Last Wednesday, thousands of high school seniors all across the country received the long-awaited news that would determine their next step in the journey of life: college. On March 30, Yale extended acceptance to 2,006 students. Soon the Yale campus will be overrun by thousands of pre-frosh trying to catch a glimpse of glorious college life. Many will attend the annual a cappella jam at Battell Chapel as well as hundreds of other activities. Even Yale Dining will put its best foot forward, with every worker dressed up professionally and laying out a feast fit for kings. Yale will transform into a picturesque, perfect institution for the weekend.

And when they return to campus as freshmen in the fall, Yale will still seem like the magical place they left behind: but only for a few more months. Once the initial thrill and enchantment of college fades, Yale starts to become more realistic. The 10:30 lectures at the top of Science Hill become harder and harder to make. The New Haven Green does not seem so inviting and safe anymore. And late-night pizza, egg sandwiches and bad Chinese food become part of a nightly routine. The freshman 15 no longer seems like a myth.

Late night meals seem to have become a quintessential foundation of any college student’s life these days. This is no surprise. The combination of large workloads and numerous extracurriculars have many of us burning the midnight oil — and working up an appetite in doing so. However, at Yale, a large share of the blame can be placed on Yale Dining and its restricting hours. An average American family eats dinner between 6:30 and 8 p.m. However, an average Yale student must eat dinner between 5 and 7 p.m. Coming in even ten minutes late is a grave offense, and you will surely be turned away.

Dinner is simply too early, and the majority of Yale students agree. In a survey published by the News on March 23, 77 percent of 1,700 students surveyed asked that dinner hours be extended past 7 p.m.

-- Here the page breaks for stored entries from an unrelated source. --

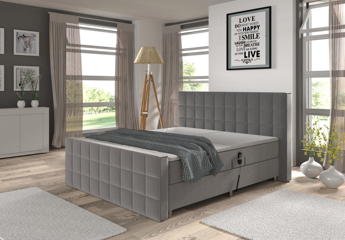 Elektriskt ställbar stoppad säng HELEN 180x200 cm med madrasser och toppmadrass, grå | Alasans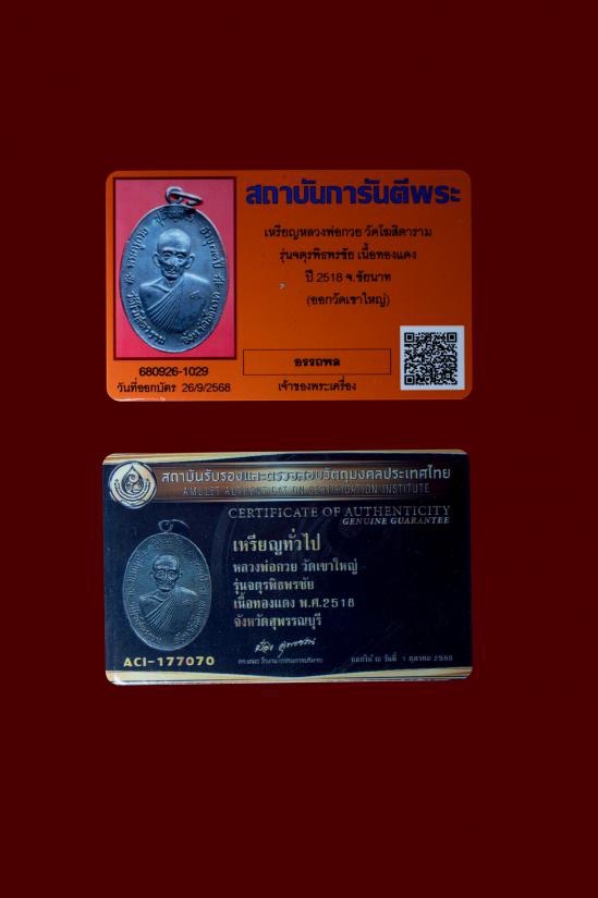 เหรียญจตุรพิธพรชัย หลวงพ่อกวย ปี 2518 (นิยมสุด)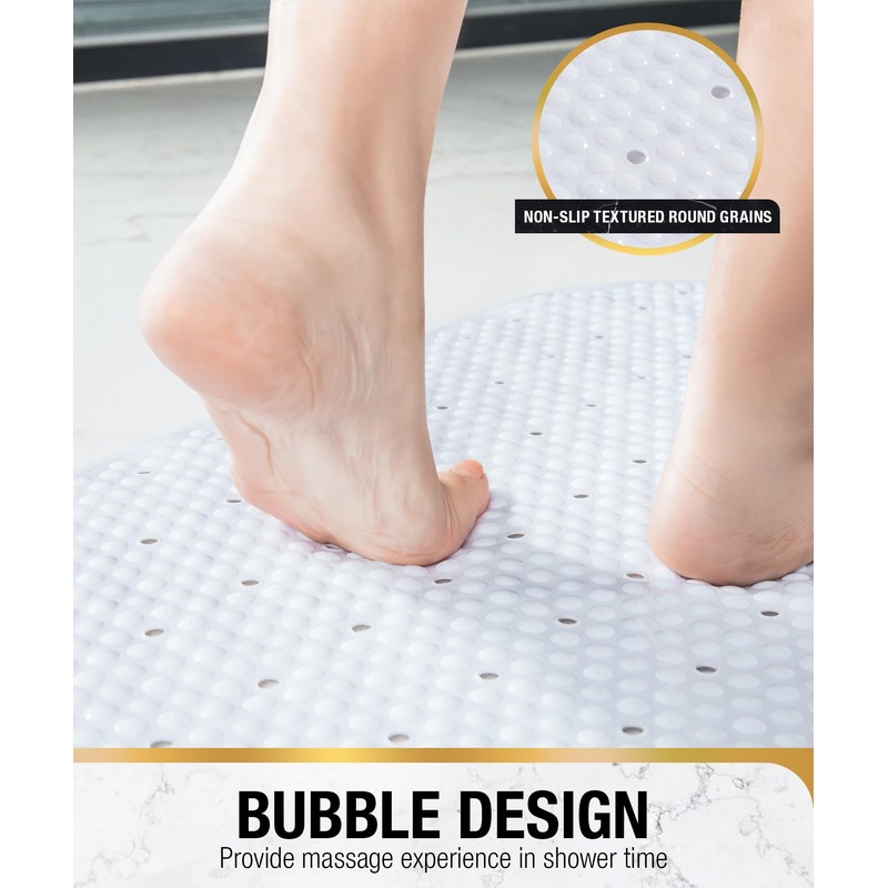 - Premium Quality: Elevate your bathing experience with our anti-slip bath mats crafted from soft PVC material. This oval bathtub mat has a bubble surface design and a luxurious foot massage sensation during showers—perfect for the elderly, babies, and young kids.
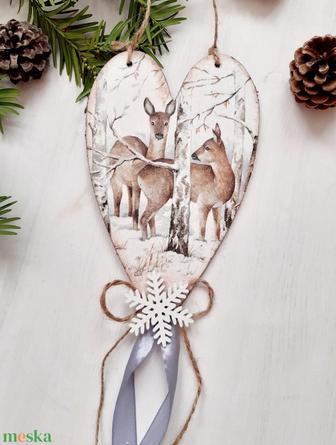 Őzek a hóban- szíves függődísz, adventi, karácsonyi dekoráció, ajtódísz

The biggest complaint among the Yale student body is not that the window itself is too short and unaccommodating but rather that having to eat when the sun is still shining outside inevitably forces one to consume another meal and/or to snack later on in the night. This explains why the dining halls are the most crowded towards the end of dinner every night. But even eating as late as possible will not save you from late-night hunger.

Not only is having such early hours inconvenient for students who have extracurricular or athletic engagements, but it is also deleterious to students’ health. Eating late at night is linked to weight gain. Northwestern University researchers studied two groups of mice that were fed the same diet containing 60 percent fat with the same amount of calories and the same amount of exercise for six weeks. It was concluded that the mice that ate during normal sleeping hours posted an average 48 percent increase in body weight compared to a modest 20 percent increase for mice that ate on a regular schedule. Despite all its effort to be sustainable, organic and nutritious, Yale Dining could be indirectly harming the health of the student body with its limiting hours.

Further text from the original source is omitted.